In der Vergangenheit wurde die Indikation zur Hysterektomie sehr häufig gestellt, nach wie vor werden viele Frauen nach dieser bewährten Methode therapiert. „Heute ist die Anwendung weitgehend auf den symptomatischen Uterus myomatosus beschränkt. Die wichtigsten Beschwerden sind unregelmäßige Blutungen und Schmerzen. Daneben ist die Entfernung der Gebärmutter bei Verdacht auf einen malignen Prozess indiziert“, erklärte Prof. Dr. Rene Wenzl, Univ.-Klinik für Frauenheilkunde, Medizinische Universität Wien, bei der Tagung „Menopause-Andropause-Anitaging 2005“ in Wien. „Die Hysterektomie ist ein etabliertes Verfahren. Warum sollten wir uns dennoch mit vergleichsweise komplizierten organerhaltenden Methoden auseinandersetzen?“ fragte Wenzl. „Neben klinischen Rahmenbedingungen wie der Zahl und Größe der Myome, dem Alter und einem möglichen Kinderwunsch der Patientin sollten vor allem ihre individuellen Bedürfnisse in der Entscheidung für oder gegen den Organerhalt berücksichtigt werden.“ Die Auswahl an konservativen chirurgischen Methoden ist groß und wird durch Verfahren wie Kryotherapie, Embolisation oder hochfrequente Ultraschallanwendungen erweitert. Wenzl: „Zudem gibt es geeignete Medikamente aus der Gruppe der Gestagene sowie Raloxifen. Mit ihnen kann der Uterus myomatosus sehr wirksam, jedoch mit einer im Vergleich zu operativen Eingriffen höheren Rezidivrate behandelt werden.“

Medikamentöse Option

Auch die konservative Therapie mit Medikamenten ist nach wie vor wenig verbreitet, obwohl sie eine gute Möglichkeit darstellt, eine jüngere Patientin ohne Operation in die Menopause zu führen, in der es zu einer Besserung der Symptomatik kommen kann. Asymptomatische Myome werden grundsätzlich zuwartend kontrolliert. Eine 2005 veröffentlichte Studie von Hanafi et al. zeigte, dass die Rezidivrate der Myome bei uterus­erhaltenden Techniken stark von der Uterusgröße und der Anzahl präoperativ vorhandener Läsionen abhängt: Große Uteri und zahlreiche Myome waren mit einer höheren Rezidivrate verbunden. „Es ist aber zu beachten, dass nicht jedes Rezidiv-Myom behandlungsbedürftig ist“, gab Wenzl zu bedenken. Das neuerliche Auftreten von Blutungsstörungen wurde in dieser Studie häufiger angegeben als jenes von dysmenorrhoischen Schmerzen.

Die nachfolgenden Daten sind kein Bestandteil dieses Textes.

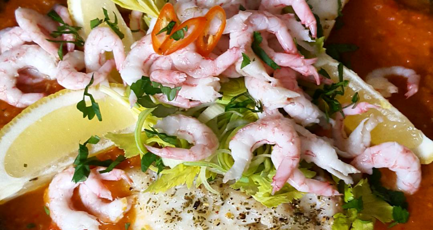 Smelt litt smør i stekepanna og stek fisken lett på den ene siden. Snu fisken over og smaksett med salt, pepper og sitronsaft. Hell gazpachoen rundt fisken i panna og la småkoke til fisken er ferdig og flaker seg. Topp med frisk stangselleri og ferske reker. Serveres gjerne med sitronbåter til.

Gute Ergebnisse im Follow-up

An der Univ.-Klinik für Frauenheilkunde wurden 150 der 330 zwischen 1996 und 2004 konservativ operierten Patientinnen in einen 52-monatigen Follow-up einbezogen. Wenzl: „Bei diesen Frauen waren Blutungen und Schmerzen die Hauptgründe für die Operation. Es konnte gezeigt werden, dass nur jede 15. Frau eine Nachoperation brauchte: Bei 3,5 Prozent wurde in den folgenden 52 Monaten eine Hysterektomie erforderlich, bei 4,0 Prozent erfolgte eine weitere Myom-Enukleation.“ Auch die Patientinnenzufriedenheit spiegelte ein positives Bild wider. Nach fünfeinhalb Jahren waren 88 Prozent der Frauen mit ihrer Operation zufrieden. 67 Prozent gaben an, nicht mehr an Dysmenorrhoen zu leiden.